§ **Data provided**:
== == ==

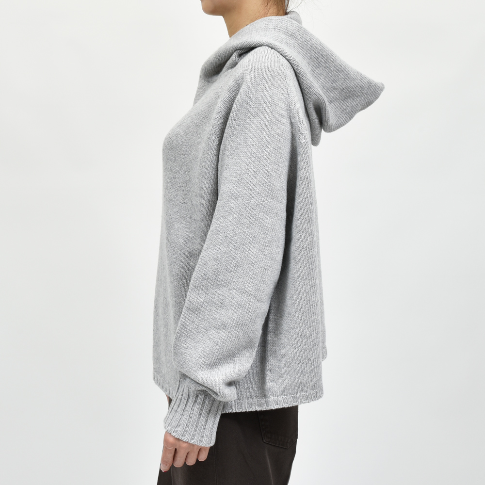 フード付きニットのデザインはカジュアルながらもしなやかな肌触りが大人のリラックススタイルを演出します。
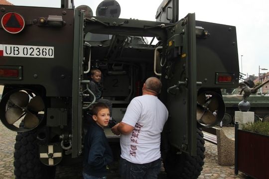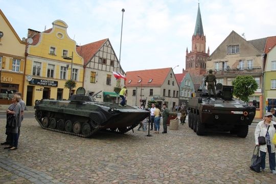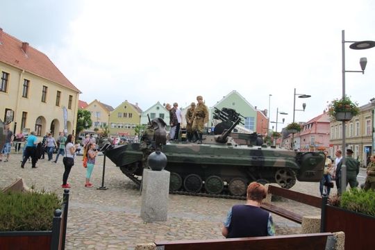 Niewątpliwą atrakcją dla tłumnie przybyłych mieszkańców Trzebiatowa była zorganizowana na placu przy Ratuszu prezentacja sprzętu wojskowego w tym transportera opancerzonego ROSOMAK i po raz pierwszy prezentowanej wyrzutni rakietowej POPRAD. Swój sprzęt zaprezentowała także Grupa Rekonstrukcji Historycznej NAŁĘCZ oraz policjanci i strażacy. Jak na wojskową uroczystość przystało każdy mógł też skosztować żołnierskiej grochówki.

== == ==

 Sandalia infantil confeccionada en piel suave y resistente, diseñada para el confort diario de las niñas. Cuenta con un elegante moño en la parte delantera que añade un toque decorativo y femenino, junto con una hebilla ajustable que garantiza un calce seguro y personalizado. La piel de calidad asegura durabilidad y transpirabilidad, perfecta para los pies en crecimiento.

== == ==

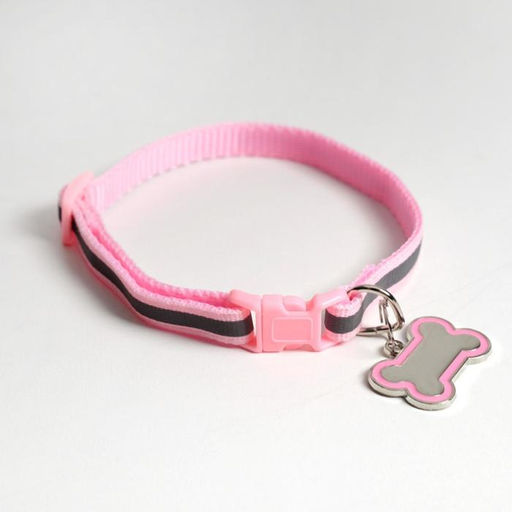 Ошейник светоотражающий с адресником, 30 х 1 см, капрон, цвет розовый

== == ==

§ **Try it**:
Only the lines of the listing above from the one with "フード付きニットのデザインは" through the one with "Niewątpliwą atrakcją dla" should be output, exactly, with both ends kept and pictures left out.

§ **Response**:
 フード付きニットのデザインはカジュアルながらもしなやかな肌触りが大人のリラックススタイルを演出します。
 Niewątpliwą atrakcją dla tłumnie przybyłych mieszkańców Trzebiatowa była zorganizowana na placu przy Ratuszu prezentacja sprzętu wojskowego w tym transportera opancerzonego ROSOMAK i po raz pierwszy prezentowanej wyrzutni rakietowej POPRAD. Swój sprzęt zaprezentowała także Grupa Rekonstrukcji Historycznej NAŁĘCZ oraz policjanci i strażacy. Jak na wojskową uroczystość przystało każdy mógł też skosztować żołnierskiej grochówki.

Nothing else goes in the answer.